- 22 -
In these circumstances, we conclude that any ex parte
contacts did not prejudice petitioner and should not give rise to
a remand for yet another hearing opportunity before a different
Appeals officer.
Bankruptcy Discharge
In his request for a hearing, petitioner claimed that the
liabilities at issue had been discharged in bankruptcy. The 2004
supplemental determination concluded that the liabilities had not
been discharged.
We have jurisdiction, when reviewing under section 6330(d) a
determination to proceed with a levy, to decide whether income
tax liabilities have been discharged in bankruptcy. Swanson v.

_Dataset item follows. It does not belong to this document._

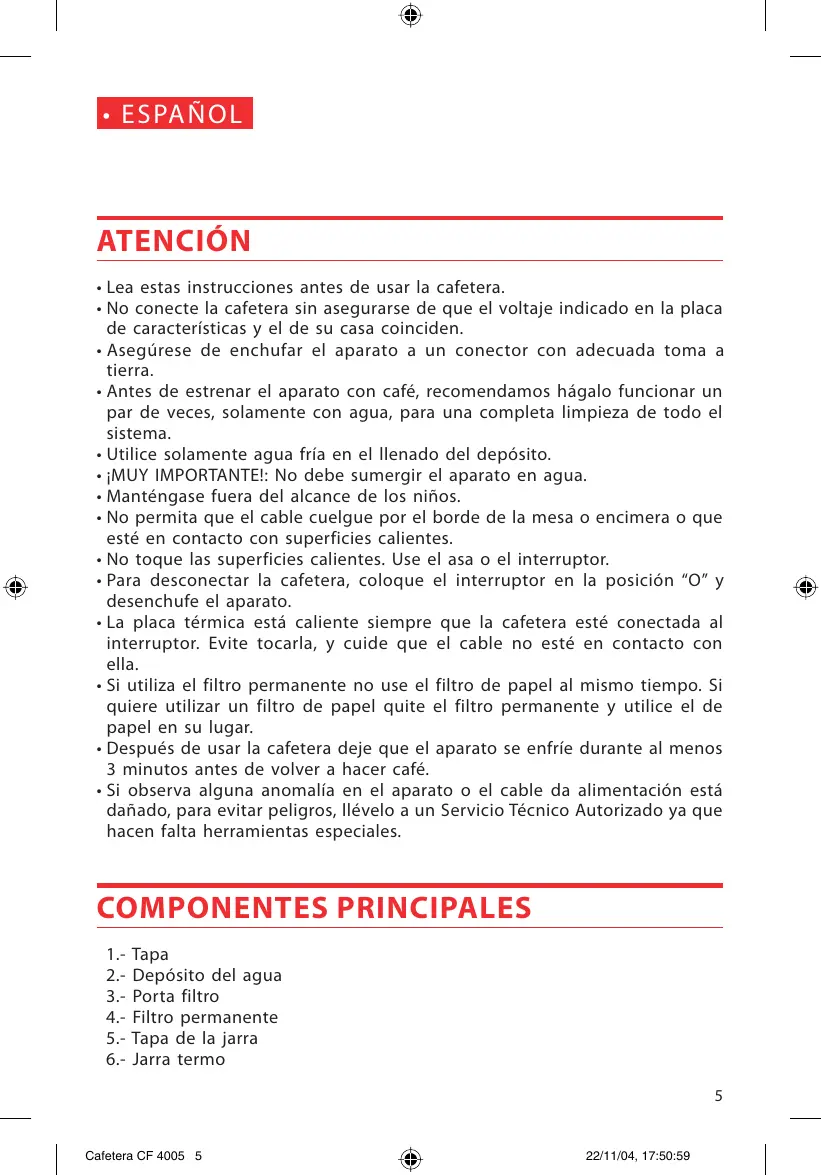 CF4005 - Cafetera SOLAC - Manual de uso y guía de instrucciones gratis

Commissioner, 121 T.C. 111, 116-117 (2003).
We are satisfied that the 2004 supplemental determination
correctly concluded that petitioner's 1990-93 and 1996
liabilities were not discharged as a result of his 1993
bankruptcy discharge. The 1990 and 1991 liabilities were not
dischargeable because they were from years for which returns were
due within 3 years before the August 2, 1993, filing of the
petition in bankruptcy. See 11 U.S.C. secs. 507(a)(8)(A)(i),
523(a)(1)(A) (2000); Durrenberger v. Commissioner, T.C. Memo.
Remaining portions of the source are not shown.